CI_BUILD_TAG ?= lagoon
LOCAL_REPO ?= lagoon
LOCAL_TAG ?= latest

# Local environment
ARCH := $(shell uname | tr '[:upper:]' '[:lower:]')
LAGOON_VERSION := $(shell git describe --tags --exact-match 2>/dev/null || echo development )

# Name of the Branch we are currently in
BRANCH_NAME :=

PUBLISH_PLATFORM_ARCH := linux/amd64,linux/arm64

ifeq ($(MACHINE), arm64)
	PLATFORM_ARCH ?= linux/arm64
else
	PLATFORM_ARCH ?= linux/amd64
endif

# Set parallelism to two less than the total number of processors
BUILDKIT_PARALLELISM := $(shell echo $$(($(shell nproc) - 2)))

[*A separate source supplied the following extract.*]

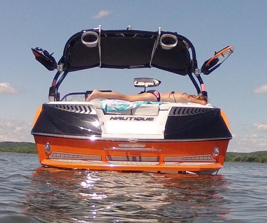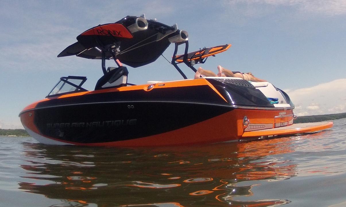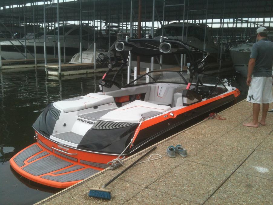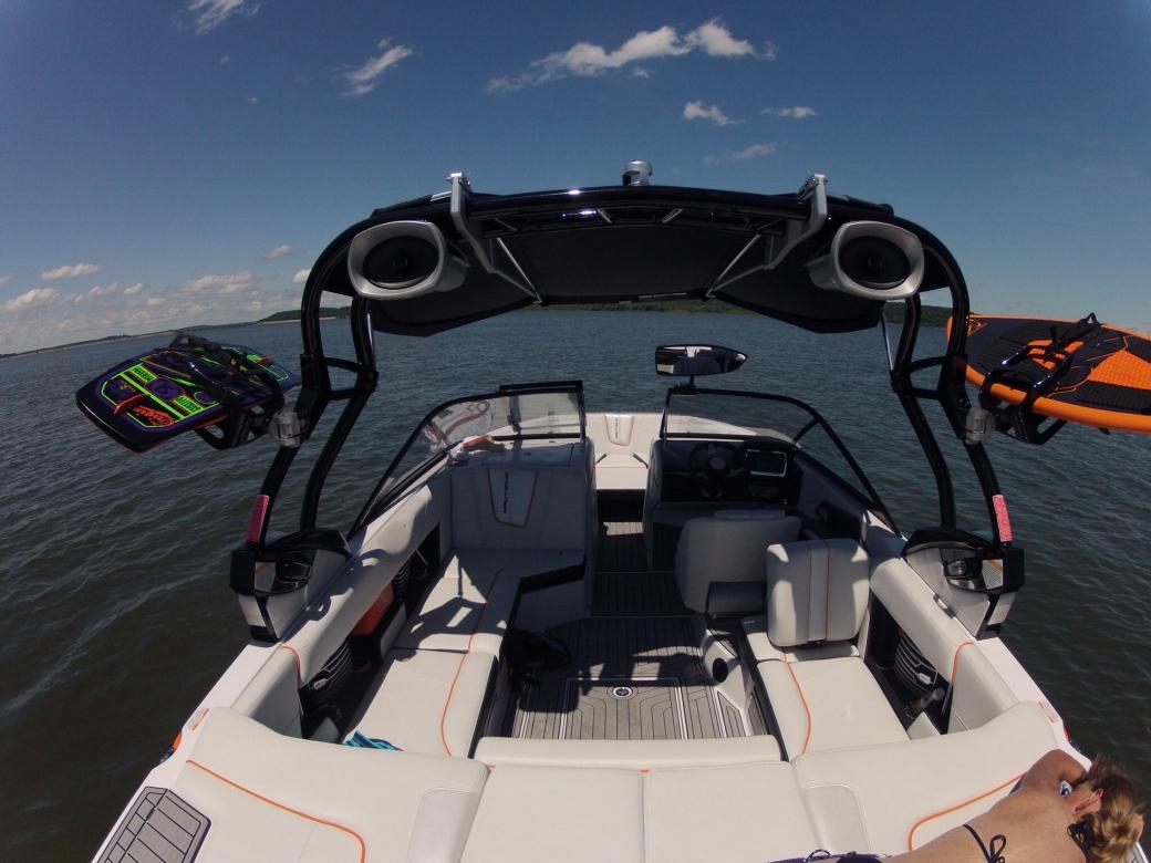 Here are some better pics on the water. So far can't find much of anything don't love about the boat. Surf wave is great with just my wife driving and stock ballast. Wakeboard wake is very clean even at slower speeds.

# Init the file that is used to hold the image tag cross-reference table
$(shell >build.txt)
$(shell >scan.txt)

#######
####### Functions
#######

# Builds a docker image. Expects as arguments: name of the image, location of Dockerfile, path of
# Docker Build Context
docker_build = PLATFORMS=$(PLATFORM_ARCH) LOCAL_REPO=$(CI_BUILD_TAG) LOCAL_TAG=$(LOCAL_TAG) PUSH_REPO=$(CI_BUILD_TAG) PUSH_TAG=$(LOCAL_TAG) LAGOON_VERSION=$(LAGOON_VERSION) docker buildx bake -f docker-bake.hcl --builder ci-lagoon-images $(1)

.PHONY: docker_buildx_create
docker_buildx_create:
	@if ! docker buildx ls | grep -q "ci-lagoon-images"; then \
		docker buildx create --platform linux/arm64,linux/arm/v8 --driver-opt network=host --name ci-lagoon-images --buildkitd-flags '--oci-max-parallelism=$(BUILDKIT_PARALLELISM)'; \
	else \
		echo "ci-lagoon-images builder already exists"; \
	fi

#######
####### Building Images
#######

# Builds all Images
.PHONY: build
build: docker_buildx_create
	$(call docker_build,default --load)

# Builds all Images in the background, without loading or pushing them
.PHONY: build-bg
build-bg: docker_buildx_create
	$(call docker_build,default)

# Build individual images with specific targets
build/%: docker_buildx_create
	$(call docker_build,$(subst .,-,$*) --load)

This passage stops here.